When checking the forms of service, another factor that appears is that some municipalities point to reorganization of offer with a tendency to reduce the number of classrooms using the nucleation of schools. This action, thought in the first instance for the schools in the countryside, ended up in YAE in the wake of economic logic. According to the managers, nucleation is justified by low student demand, which is partly not true. If we take the significant numbers of potential demand for YAE in each municipality, we can ask what are the reasons that prevent or hinder the public from seeking it. Another aspect to be considered is the fact that many municipalities have up to a dozen districts and villages under their jurisdiction in vast territory, while others are characterized as dormitory cities. Historically, YAE’s service near the student’s place of work or home has been a motivating factor, as it reduces risks and weariness when commuting to a distant school. Paschoal Lemme attests this fact in 1940, in a text presented for a selection process.

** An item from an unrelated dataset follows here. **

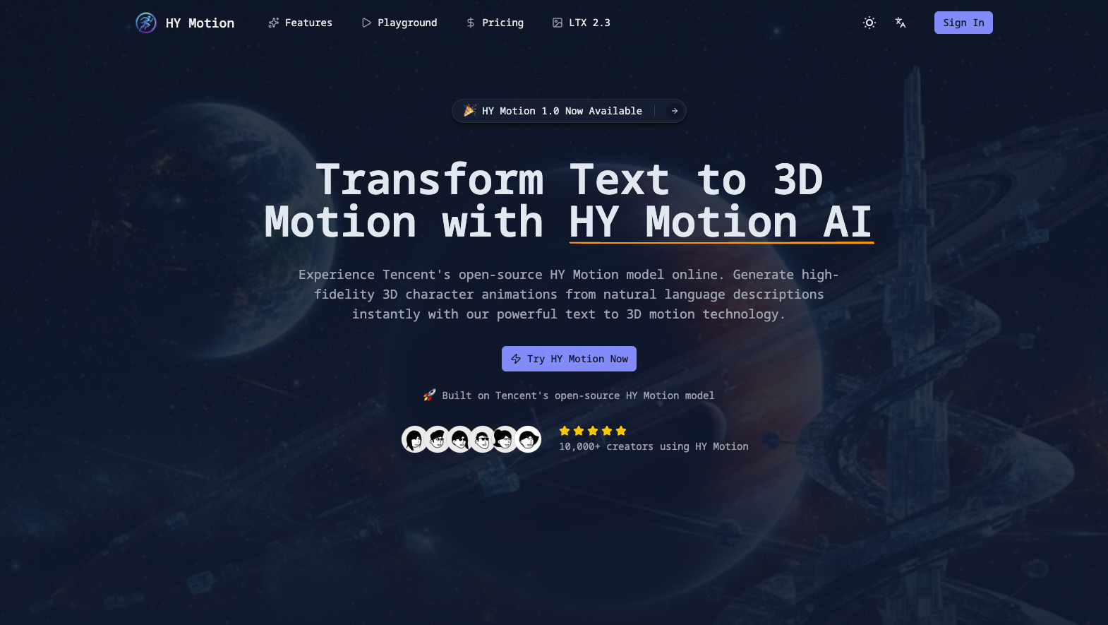 HY Motion is an online platform to generate high-fidelity 3D character animations from text descriptions. Powered by ...

However, we noticed a relatively small percentage of candidates coming from the working classes, especially those from professions related to commercial activities. [...] These observations suggested measures to bring the benefits of culture to these classes, no doubt those most in need of it, such as the location of the courses in the working-class housing districts, the use of the headquarters of the class associations where attendance is already assured, and the installation of courses in the workplaces themselves. (LEMME, 2004, P. 77-78)44.

Keeping classrooms open in small locations or External YAE not only serve students, but also stresses the minimum number per room established by subnational laws. The organization of YAE, in some municipalities, is based on an economic bias when it comes to maintaining several classrooms with teachers in effective exercise. At this point, it is worth underlining the conception of the manager who sees YAE as an expense and not as a right.

Although YAE is a Basic Education modality, it does not benefit from the same prerogatives as does common teaching. The degree of commitment of the manager influences the treatment he receives within the Municipal Education Secretariats, starting with the public call. Few municipalities in the study made the public call, which left the population without the information that YAE was being offered. In the regions where there was an active search, the information was made available to the possible youth and adult candidates. Thus, instead of using the expression “YAE will end”, it is evident from the way it has been conducted in some municipalities that “they want to end YAE”.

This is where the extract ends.